**SOURCE DATA**
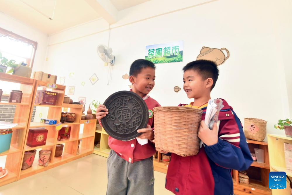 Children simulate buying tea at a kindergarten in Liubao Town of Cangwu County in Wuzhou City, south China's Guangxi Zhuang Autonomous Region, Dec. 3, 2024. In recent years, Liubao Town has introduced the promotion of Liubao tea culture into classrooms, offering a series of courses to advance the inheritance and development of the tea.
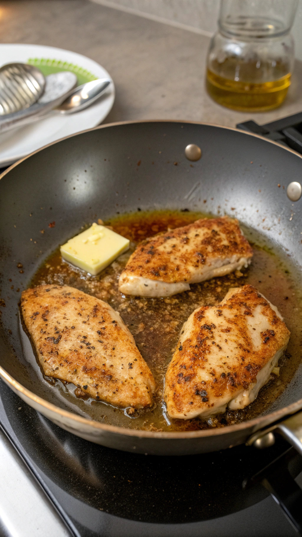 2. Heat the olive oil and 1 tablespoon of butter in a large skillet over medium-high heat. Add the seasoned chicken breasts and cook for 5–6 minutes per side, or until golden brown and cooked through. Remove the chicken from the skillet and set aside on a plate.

---

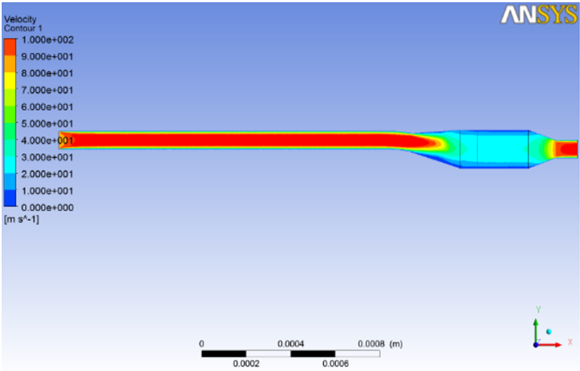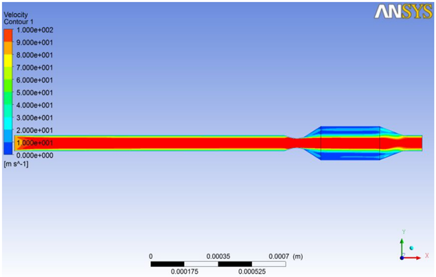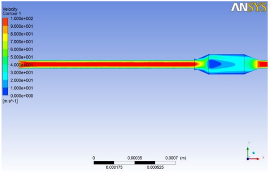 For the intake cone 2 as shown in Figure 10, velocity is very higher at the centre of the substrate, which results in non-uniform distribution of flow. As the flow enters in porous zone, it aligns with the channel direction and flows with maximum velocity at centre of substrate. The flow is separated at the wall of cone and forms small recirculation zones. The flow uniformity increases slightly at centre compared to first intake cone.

...

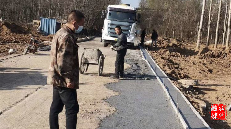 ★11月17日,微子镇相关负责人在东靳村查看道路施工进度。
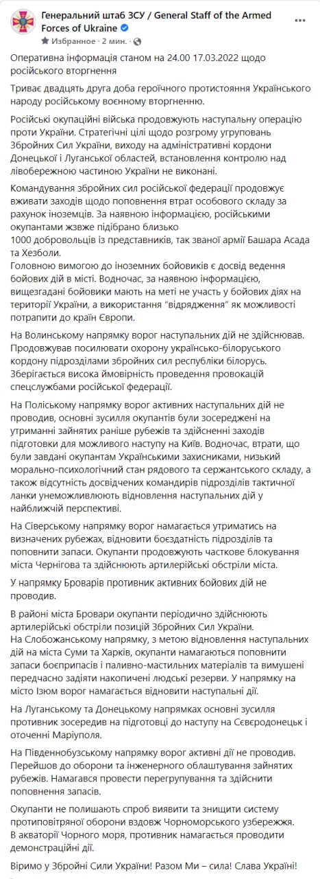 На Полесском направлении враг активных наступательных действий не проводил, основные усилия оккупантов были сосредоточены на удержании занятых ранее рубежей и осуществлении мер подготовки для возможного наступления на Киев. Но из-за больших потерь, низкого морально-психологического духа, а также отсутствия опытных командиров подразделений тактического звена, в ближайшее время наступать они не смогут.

**WHAT TO PRODUCE**
Give again the lines of the listing above that run from the one with "Children simulate buying" up to and including the one with "2. Heat the". Keep them exact and omit the pictures.

**RESULT OF THE TASK**
 Children simulate buying tea at a kindergarten in Liubao Town of Cangwu County in Wuzhou City, south China's Guangxi Zhuang Autonomous Region, Dec. 3, 2024. In recent years, Liubao Town has introduced the promotion of Liubao tea culture into classrooms, offering a series of courses to advance the inheritance and development of the tea.
 2. Heat the olive oil and 1 tablespoon of butter in a large skillet over medium-high heat. Add the seasoned chicken breasts and cook for 5–6 minutes per side, or until golden brown and cooked through. Remove the chicken from the skillet and set aside on a plate.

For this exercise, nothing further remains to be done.